Find out the average number of comment ask posts receive by hour created.

In [5]:

# Create the list of the data we want to focus
import datetime as dt
result_list = []
for ask_post in ask_posts:
    created_time = ask_post[6] # The time the post was created
    num_comments = ask_post[4] # The number of comments the post got
    result_list.append([created_time,num_comments])

# Create dictionaries for later use
counts_by_hour = {} # Counting the total number of post by hour the post was created
comments_by_hour = {} # Counting the number of comment by hour the post was created

# Count the total post and comment by hour the post was created
for result in result_list:
    date_time = result[0]
    num_comment = result[1]
    date_time = dt.datetime.strptime(date_time,"%m/%d/%Y %H:%M") #Changing the format of date and time in result list
    hour = dt.datetime.strftime(date_time,"%H")
    if hour not in counts_by_hour:
        counts_by_hour[hour] = 1
        comments_by_hour[hour] = int(num_comment)
    else:
        counts_by_hour[hour] += 1
        comments_by_hour[hour] += int(num_comment)

# Calculate the average number of comment for posts created in every hour of the day
avg_by_hour = []
for hour in counts_by_hour:
    avg_comments = comments_by_hour[hour] / counts_by_hour[hour]
    avg_by_hour.append([hour,avg_comments])

Then, we will sort the list avg_by_hour from the highest values to get the top 5 hours for Ask Post comments.

In [7]:

# Create the list which swap the value of avg_by_hour list
swap_avg_by_hour = []
for hour in avg_by_hour:
    swap_avg_by_hour.append([hour[1],hour[0]])
print(swap_avg_by_hour)

# Sort the swapped list
sorted_swap = sorted(swap_avg_by_hour, reverse = True)

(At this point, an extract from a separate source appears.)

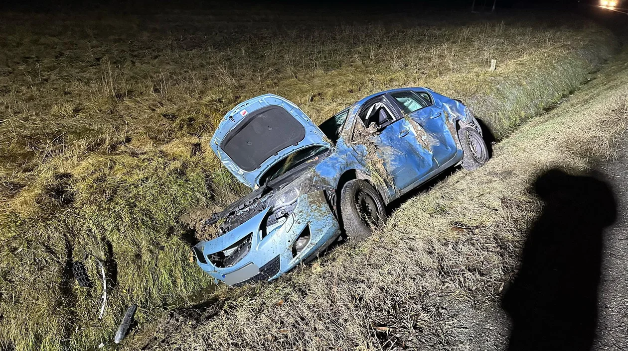 Kierujący samochodem marki Opel z nieustalonej na chwilę obecną przyczyny zjechał ze swojego pasa ruchu i wjechał do przydrożnego rowu.

# Print the Top 5 hours for Ask Post Comments
print(sorted_swap[:5])

[[5.5777777777777775, '09'], [14.741176470588234, '13'], [13.440677966101696, '10'], [13.233644859813085, '14'], [16.796296296296298, '16'], [7.985294117647059, '23'], [9.41095890410959, '12'], [11.46, '17'], [38.5948275862069, '15'], [16.009174311926607, '21'], [21.525, '20'], [23.810344827586206, '02'], [13.20183486238532, '18'], [7.796296296296297, '03'], [10.08695652173913, '05'], [10.8, '19'], [11.383333333333333, '01'], [6.746478873239437, '22'], [10.25, '08'], [7.170212765957447, '04'], [8.127272727272727, '00'], [9.022727272727273, '06'], [7.852941176470588, '07'], [11.051724137931034, '11']]
[[38.5948275862069, '15'], [23.810344827586206, '02'], [21.525, '20'], [16.796296296296298, '16'], [16.009174311926607, '21']]

To increase the readability, we will use str.format to generate the final result.

In [9]:

# Print the formatted hour and average as the final data of the analysis
for comments in sorted_swap:
    hour = comments[1]
    formatted_hour = dt.datetime.strptime(hour,'%H')
    formatted_hour = dt.datetime.strftime(formatted_hour,'%H:%M')
    result_line = "{}: {:.2f} average comments per post".format(formatted_hour, comments[0])
    print(result_line)

15:00: 38.59 average comments per post
02:00: 23.81 average comments per post
20:00: 21.52 average comments per post
16:00: 16.80 average comments per post
21:00: 16.01 average comments per post
13:00: 14.74 average comments per post
10:00: 13.44 average comments per post
14:00: 13.23 average comments per post
18:00: 13.20 average comments per post
17:00: 11.46 average comments per post
01:00: 11.38 average comments per post
11:00: 11.05 average comments per post
19:00: 10.80 average comments per post
08:00: 10.25 average comments per post
05:00: 10.09 average comments per post
12:00: 9.41 average comments per post
06:00: 9.02 average comments per post
00:00: 8.13 average comments per post
23:00: 7.99 average comments per post
07:00: 7.85 average comments per post
03:00: 7.80 average comments per post
04:00: 7.17 average comments per post
22:00: 6.75 average comments per post
09:00: 5.58 average comments per post

As we can see from the data above, to have the highest chance to receive most comments from Hacker News, is to create a Ask post at 3pm EST (or 3am in HK time zone). Average of 38.59 comments will be received to such posts.

Summary¶

In this project, we analyzed the posts from Hacker News to find the post type and time period to attract the most comments. The conculsion we found is that, by asking the question at 3pm EST, the post will likely to receive most comments in Hacker News.